Treating HCV Patients Who Fail Direct-Acting Antivirals

NOVEMBER 17, 2015
Gale Scott
All is not lost when hepatitis C Genotype 1 patients fail to benefit from treatment with direct-acting antivirals (DAAs).

Reporting at the 2015 Liver Meeting (AASLD) in San Francisco, CA, Fred Poordad, MD, of the Texas Liver Institute/ University of Texas Health Science Center in San Antonio, TX, and colleagues said they had success retreating patients who had failed DAAs. The patients had been taking ombitasvir (OBV)/ paritaprevir (PTV) r, dasabuvir (DSV), and sofosbuvir (SOF).
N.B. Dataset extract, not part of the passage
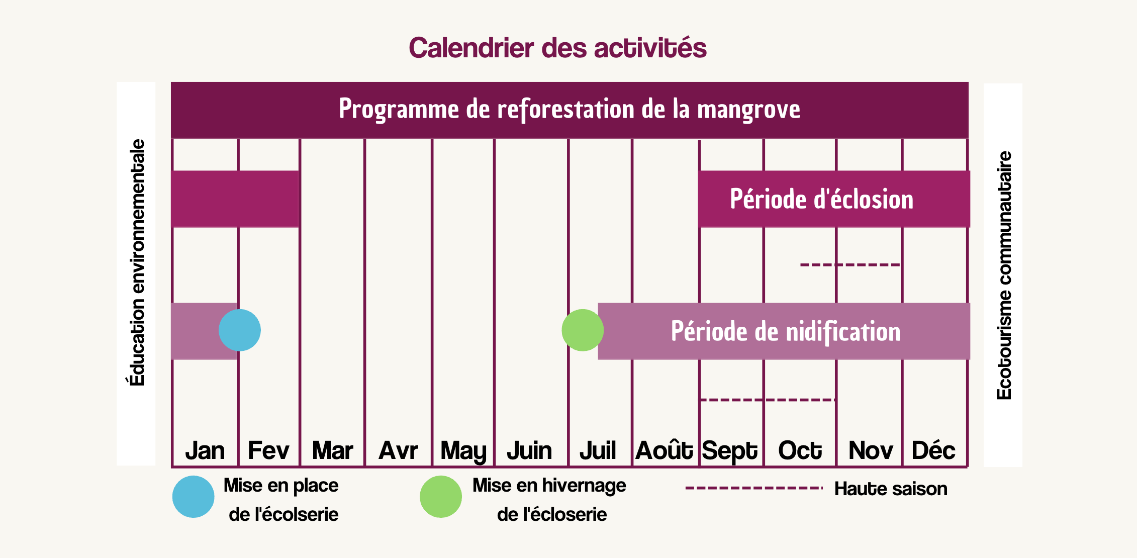 Certaines activités varient en fonction des saisons : Vous trouverez le calendrier des activités dans l'onglet "Photos". Dû à la migration des tortues, ce projet est possible de début aout à fin janvier.

It was a multi-center study.

In an abstract presented at the meeting, the team noted that retreatment options for patients who fail DAA therapy are not yet clearly defined. “Resistance-associated variants in NS5A have been shown to persist up to 96 weeks post-treatment; thus, patients who fail regimens with NS5A inhibitors are likely to require a multi-targeted approach to retreat infection,” they wrote.

The patients all had HCV GT-1 infection. Those without cirrhosis were to receive OBV/PTV/r + DSV + SOF for 12 weeks; ribavirin (RBV) was added for patients with GT1a infection without cirrhosis. GT1a-infected patients with cirrhosis received 24 weeks of OBV/PTV/r + DSV + SOF + RBV.
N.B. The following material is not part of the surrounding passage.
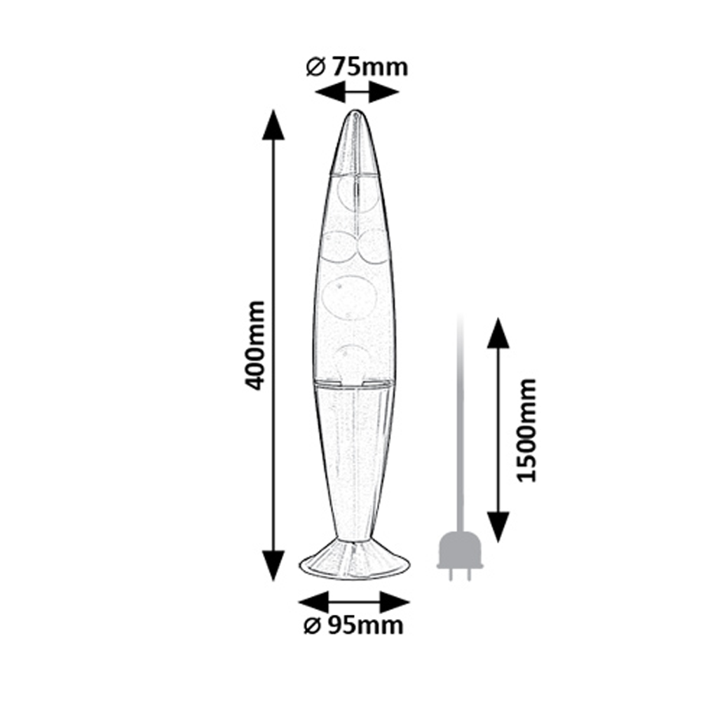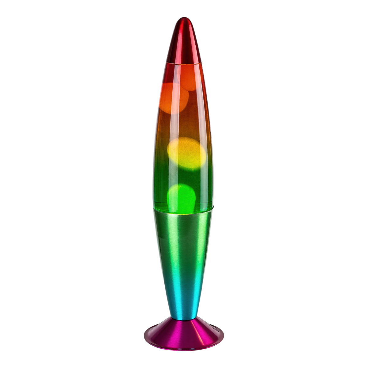 A Rábalux Lollipop Rainbow 2 lávalámpa egyedi szivárványszínű megjelenésével különleges hangulatot teremt bármely helyiségben. Klasszikus, rakétára emlékeztető formáját a fémből készült, többszínű test és dísztalp teszi izgalmassá.

All the patients had a history of previous DAA treatment failure without discontinuation for reasons other than virologic failure.
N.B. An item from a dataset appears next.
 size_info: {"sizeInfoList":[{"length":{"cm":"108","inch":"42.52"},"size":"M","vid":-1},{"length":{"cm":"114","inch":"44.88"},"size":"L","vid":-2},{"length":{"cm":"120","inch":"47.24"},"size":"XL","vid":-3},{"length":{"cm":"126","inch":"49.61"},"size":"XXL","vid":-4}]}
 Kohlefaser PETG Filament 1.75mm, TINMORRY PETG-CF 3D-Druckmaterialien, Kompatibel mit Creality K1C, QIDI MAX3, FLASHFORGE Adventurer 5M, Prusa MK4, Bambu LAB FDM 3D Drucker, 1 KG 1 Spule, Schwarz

As of September 1, sustained viral response 4 was achieved in all 15 patients treated for 12 weeks. Among patients receiving 24 weeks of treatment, all seven remained virally suppressed below the lower limit of detection while on treatment. Two patients experienced serious adverse events (pneumonia and cellulitis), neither assessed as being related to the study drugs. The patient with pneumonia discontinued the study drug at week 10 and HCV RNA remained undetectable.

Their conclusion was that “The multi-targeted regimen of OBV/PTV/r + DSV ± RBV in combination with SOF appears to be a promising retreatment strategy for patients who fail DAA-containing HCV regimens, including those containing an NS5A inhibitor.